Specifically, when the acceleration multiple of the GPU version is greater than or equal to the preset multiple threshold and the result error is less than or equal to the preset error threshold, the execution performance representing the GPU version meets the requirement, and then the computer device may save the GPU version to the storage file. For example, assuming that the preset multiple threshold is 3 times and the error threshold in the temperature dimension is 2 degrees, for the above example, the acceleration multiple of the GPU version is 3 times and satisfies the condition, and the result error is 5 degrees and does not satisfy the condition, which means that the execution performance of the rewritten GPU version does not satisfy the requirement; and if the acceleration multiple of the GPU version is 3 times and the error of the result is 2 degrees, representing that the execution performance of the rewritten GPU version meets the requirement.

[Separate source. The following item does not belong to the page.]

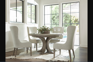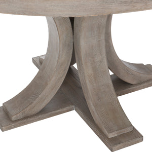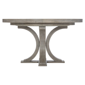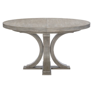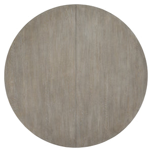 White oak solids and knotty white oak veneersPewter finish on round wood top with one 18' leafPewter finish on wood table base consisting of four curved legs and bottom wood baseAdjustable glides

Optionally, if the acceleration multiple of the GPU version is smaller than the multiple threshold, or the result error of the GPU version is larger than the error threshold, the computer device may perform optimization updating on the GPU version according to the GPU version rule, and return to the step of executing the GPU version corresponding to the target function according to the input parameter after updating, that is, compare the execution result of the GPU version with the execution result of the CPU version again until the comparison result meets the preset condition.

In the GPU migration method based on the WRF mode provided in this embodiment, the computer device compares the execution time and the weather prediction result of the GPU version with the execution time and the weather prediction result of the CPU version, respectively, to obtain the acceleration multiple and the result error of the GPU version, and stores the GPU version in the storage file based on the acceleration multiple and the multiple threshold, and the result error and the error threshold. Therefore, the execution performance of the GPU version is evaluated through the execution time and the prediction result, the acceleration can be realized on the basis of ensuring the accuracy, and the calculation performance of the WRF mode is greatly improved.

To better understand the whole flow of the WRF mode-based GPU migration method, the method is described again in the following by way of an overall embodiment, as shown in fig. 4, and includes:

s301, executing a preprocessing process of meteorological data in a WRF mode execution program to obtain input parameters required by a WSM6 function, and storing the input parameters into a storage file;

s302, acquiring input parameters required by the target function from the storage file by executing the transplanting main program;

s303, rewriting the CPU version corresponding to the target function by adopting a preset GPU version rule to obtain a GPU version;

s304, executing the CPU version and the GPU version corresponding to the target function according to the input parameters to obtain an execution result of the CPU version and an execution result of the GPU version;

s305, comparing the execution result of the CPU version with the execution result of the GPU version;

s306, when the comparison result meets a preset condition, storing the GPU version to complete the GPU transplantation process of the WRF mode;

s307, when the comparison result does not meet the preset condition, updating the GPU version; and returning to the step of executing the GPU version corresponding to the target function according to the input parameters after updating.

For the implementation method of each step, reference may be made to the description of the above embodiments, and the implementation principle and the technical effect are similar, which are not described herein again.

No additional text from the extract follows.